The Technology Service Providers Association has called for golden share provisions and foreign ownership limits. Wiper leader Kalonzo Musyoka has questioned the transparency of the process.

The Kenya Bankers Association proposed offering at least 300 million shares to ordinary Kenyan citizens rather than transferring the entirety of the 15 percent to Vodacom. None of these proposals were incorporated in the final committee recommendation.

WHAT PARLIAMENT APPROVED IS NOT NECESSARILY WHAT WILL HAPPEN

The committee’s report has been tabled and debated. The full National Assembly must still vote to adopt it. At least three constitutional petitions continue before the High Court. COMESA has granted approval, but approvals from the Capital Markets Authority, the Communications Authority, the Central Bank of Kenya and the East African Community Competition Authority remain pending in various stages.

The parliamentary clock that ticked from the December 2025 announcement expires on or around March 26, 2026, after which the sessional paper takes effect automatically if no parliamentary action has been taken.

The committees, by tabling their report, have reset that dynamic, but the final vote on the House floor will be a reckoning for government loyalists who must explain to their constituents why Kenya’s most profitable listed company was handed to a foreign majority owner at a price that the country’s own accountancy body, its bankers’ association, and a former chair of the Budget and Appropriations Committee all described as inadequate.

The government’s fiscal predicament is real. With Sh12 trillion in public debt, interest payments consuming Sh1.097 trillion of a Sh3.321 trillion revenue projection, and only Sh29.8 billion available for development expenditure in the current fiscal year, the Ruto administration is not wrong to pursue asset monetisation.

The question is not whether to sell, but at what price, to whom, through what process, and with what binding protections. On each of those four questions, the parliamentary record suggests the government either did not ask, did not disclose, or did not negotiate hard enough.

The joint committee’s demands for renegotiation, its extension of worker protections, its insistence on formalising safeguards in the contract rather than the sessional paper, and its directive to clarify the dividend entitlement before closing are not routine legislative adjustments.

They are a parliamentary acknowledgment that the deal, as signed, was incomplete, opaque in key financial particulars, and structured more in the buyer’s interest than in the seller’s.

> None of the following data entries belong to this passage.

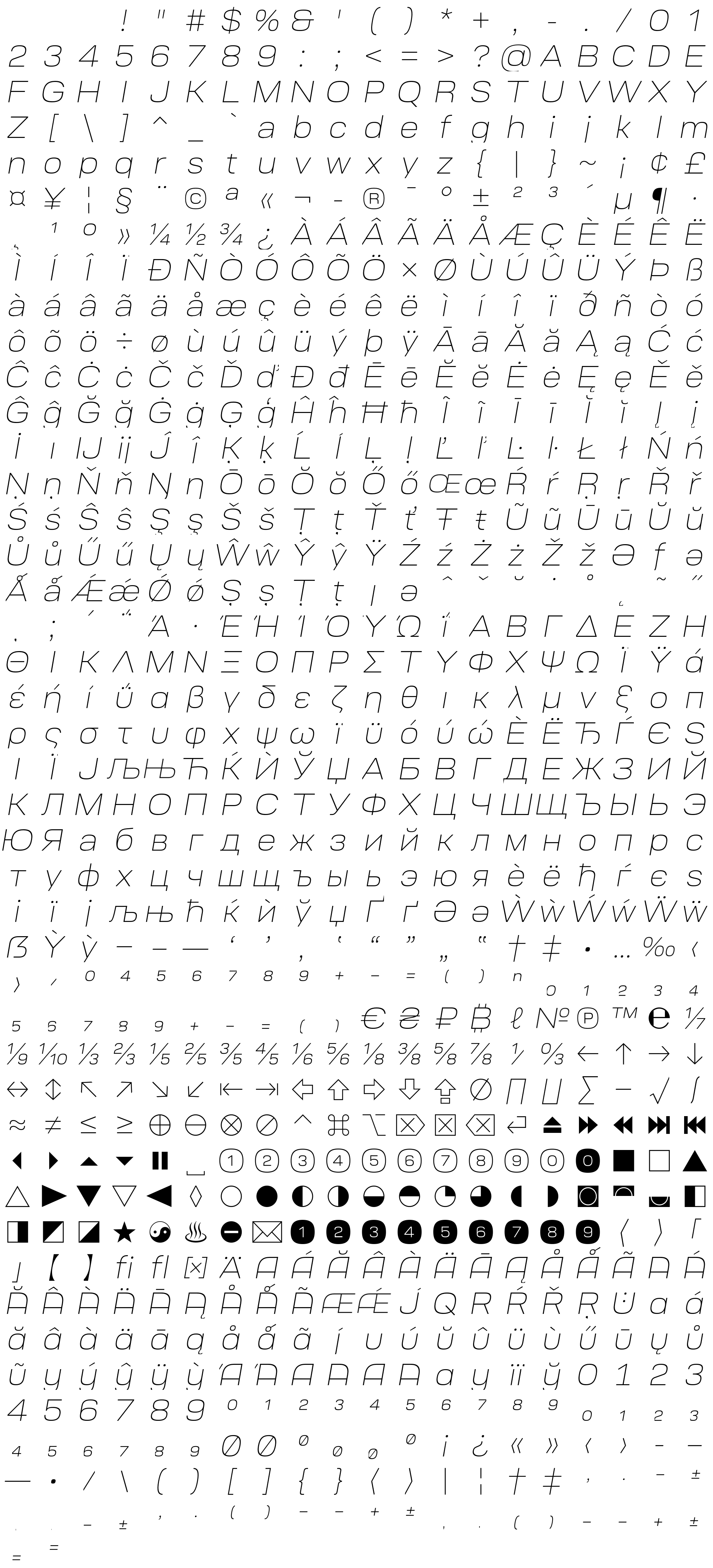 Due to the nature of thumbs' generation process, some of the glyphs in the glyph map may appear cropped.
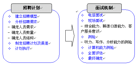 東軟呼叫中心充分挖掘東北地區(qū)豐富的韓語人才資源,通過多種招聘渠道滿足項(xiàng)目的人才需求。東軟自身的教育機(jī)構(gòu)--東軟信息學(xué)院也可以培養(yǎng)專業(yè)的韓語人才,另外,東軟信息學(xué)院與韓國某大學(xué)進(jìn)行戰(zhàn)略合作,通過為韓國留學(xué)生提供呼叫中心實(shí)習(xí)機(jī)會(huì)及漢語培訓(xùn)等,方式,吸引數(shù)名高素質(zhì)韓國大學(xué)生加入呼叫中心,充分滿足該項(xiàng)目對(duì)專業(yè)人才的需求。
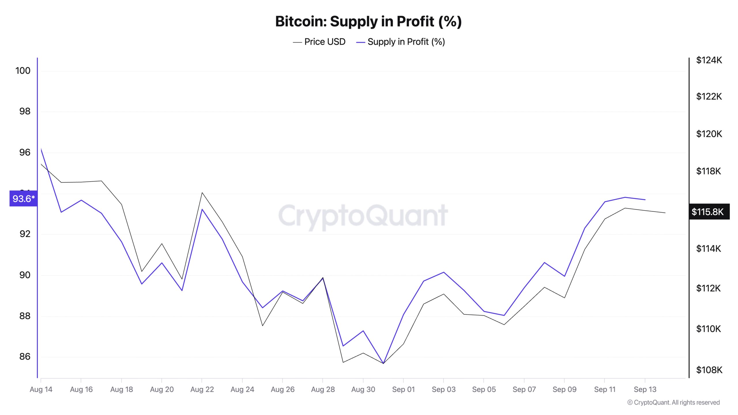 Further strengthening the bullish outlook, data from CryptoQuant reveals that 93.6% of Bitcoin’s circulating supply is currently in profit, a trend that has historically been followed by strong bullish phases.
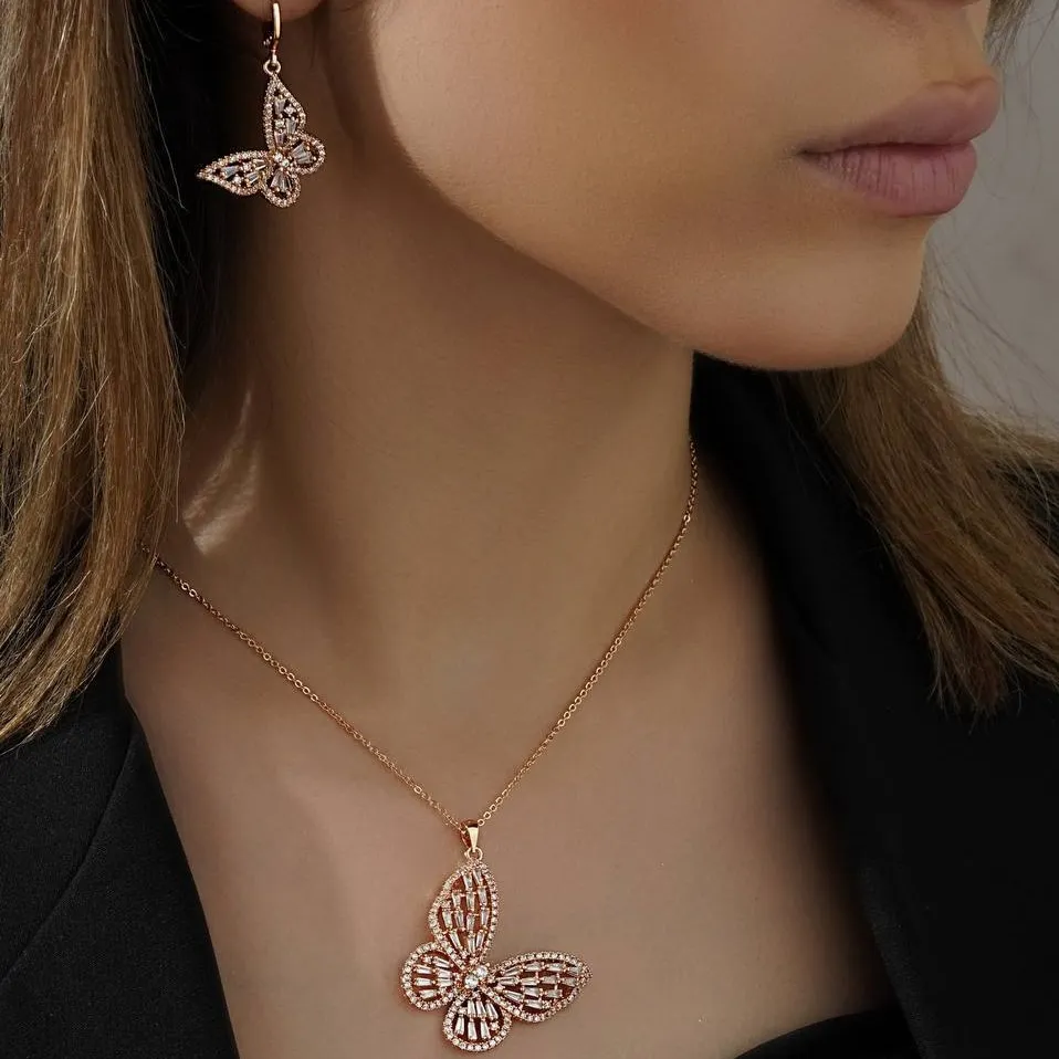 نیم ست زنانه طرح پروانه کاملا مشابه طلا - رنگ ثابت - بدون حساسیت

Vodacom, for its part, is acquiring majority control of a business that generated Sh42.7 billion in net profit in a single half-year, that commands 91 percent of the mobile money market in one of Africa’s fastest-growing digital economies, and that is positioned at the intersection of telecommunications, financial services and national data infrastructure, all at a price that its own funding structure suggests it will recover in full within two years from dividends alone.

Whether Parliament’s conditions survive the negotiating table, and whether the High Court will allow the transaction to close without first hearing the constitutional questions it raises, are questions that will define not just Safaricom’s ownership structure but the precedent Kenya sets for how a sovereign state ought to sell its most consequential assets.

The answer, at this stage of an unfinished process, is that the price of getting it wrong will compound, year after year, in the dividends that flow south.